A riveting tale of a World War II Navy man’s survival at sea, based on the true account of the USS Indianapolis.
Radioman 3rd Class Art O’Hara, a brash radioman who’s always toting a cigarette on his lip, wakes in a seedy San Francisco motel room. Realizing he’s AWOL, he makes a mad dash to catch his ship just before it heads to sea. Readers ride pillion on this rapid-fire opening to a novel that gains momentum with every page as O’Hara and his fellow sailors embark for the Marianas aboard the USS Atwood. At the outset, life aboard ship doesn’t seem too onerous: O’Hara finds opportunities to shirk work, badger underlings, ponder the mysterious crate in the cargo hold and watch newbies vomit over the railing. Within days of delivering its cargo, the Atwood leaves for the Leyte Gulf. It never reaches its destination. Just after midnight, two torpedoes strike, swiftly sinking the Atwood as men grab life jackets and jump ship.
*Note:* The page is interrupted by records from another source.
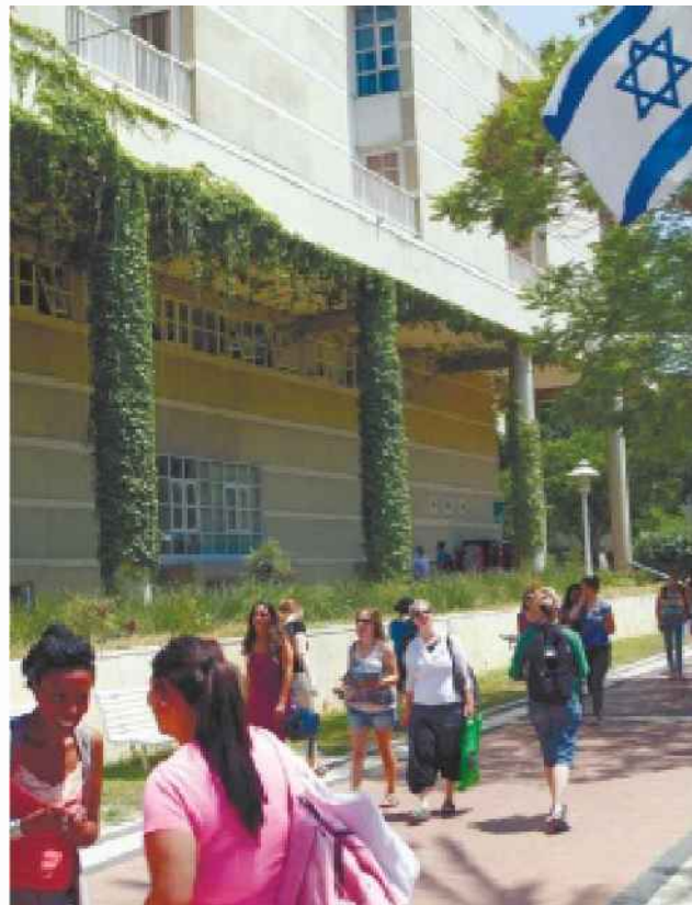
אוניברסיטת בר-אילן. למצולמים אין קשר לכתבה

הנתונים מתייחסים לכ-926 מתמחים ב-2013-2015. הם כור ללים מתמחים בפרקליטות המדינה (אורחי, פלילי, חוקתי ומינהלי, כלכלי, דיני עבודה, בינלאומי); מחוז תל אביב (אורחי, פלילי, מיסוי וכלכלה); מחוז מרכז; מחוז ירושלים (אורחי ופלילי); מחוז דרום (אורחי ופלילי) ומחוז חיפה (אורחי ופלילי). הנתונים מראים
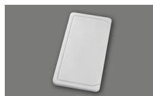
> Weblink 40.001.277.00 / CHF 151.- Tagliere, sintetico
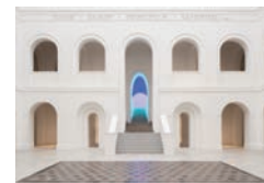
© James Turrell

Für eine individuelle Buchung im Rahmen einer exklusiven, halbstündigen Sonderöffnung wenden Sie sich bitte an kunstvermittlung@dimu-freising.de (Gebühr € 50,- pro Buchung)
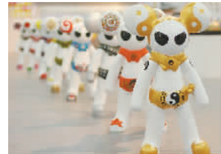
暴力熊猫 集体创作 指导老师:唐立雯
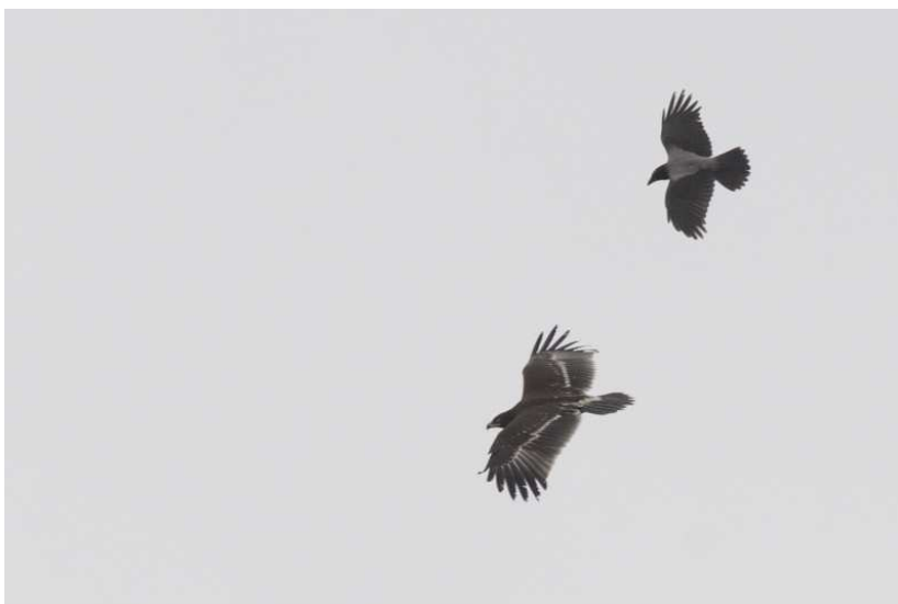
Stor skrigeørn (og krage), Hyllested Bjerge 11.03.2007.

2007 har budt på både gode og mindre gode oplevelser i fuglemarkerne. Blandt de gode og spændende oplevelser bør her nævnes Egå Engsø, der i sit første komplette leveår trådte i karakter som en perle blandt engsøerne. På DOFbasen er der meldt ikke mindre end 172 fuglearter/racer fra området i 2007, heriblandt adskillige sjældenheder hvoraf skal nævnes Plettet Mudderklire og Hvidvinget terne i maj samt Hvidøjjet and i november, sidstnævnte blev set i området i mere end 14 dage af mange tilrejsende fuglekiggere. Blandt øvrige mindeværdige oplevelser fra 2007 kan nævnes en Stor skrigeørn der huserede - eller skal jeg skrive skulkede !? på Djursland igennem det meste af foråret, Rødrygget svale ved Årslev Engsø og ikke mindst Halsbåndstroidanden på Stubbe Sø, der var i området samtidig med den Hvidøjjede and i Egå Engsø, der var mange der fik sig en "dubble" i den anledning!
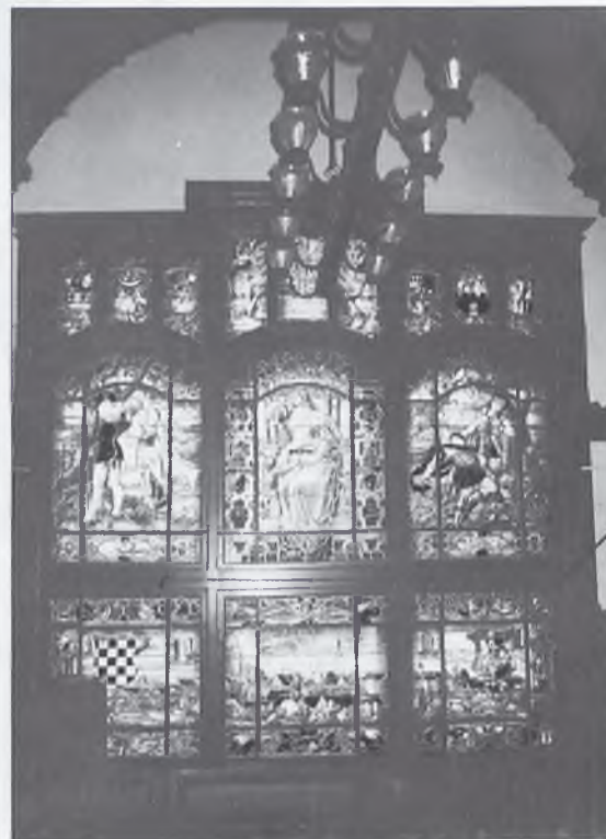
Ratusz - witraż w sali narad

Obecnie miasto liczy 25.519 mieszkańców i zajmuje 19 km 2

Ocean currents and confusion about whether the distress signal went out leave the survivors wondering if they’ll be rescued, while treading water under a merciless sun. With each day that passes, more men die from their wounds or get picked off by ever-present sharks. Delusions set in: Some men bargain with the Almighty, while others retreat into their imaginations. O’Hara’s fantasy of driving to Montana with his parents gradually merges into memory, and we learn of his love for Atsuko, a young Japanese woman whom he’d met at a dance—a poignant subplot that encapsulates conflicted American attitudes in 1945. Author Loranger, a former Navy man, presents his fictionalized history of the USS Indianapolis with meticulous detail, rich naval lore and bantering humor, and he infuses it with a poetic beauty. Swimming toward warmth, O’Hara thought “he could swim off the edge of the earth and float into the solar surface,” even while dorsal fins circled the “ivory whiteness of his feet...and he did not fault the sharks for coveting them.” After four torturous days in the water, the acceptance of death brings forgiveness, even to predators.
With harrowing suspense and an ending that is as satisfying as it is haunting, this seaman’s odyssey will leave readers pondering their own life choices and courage.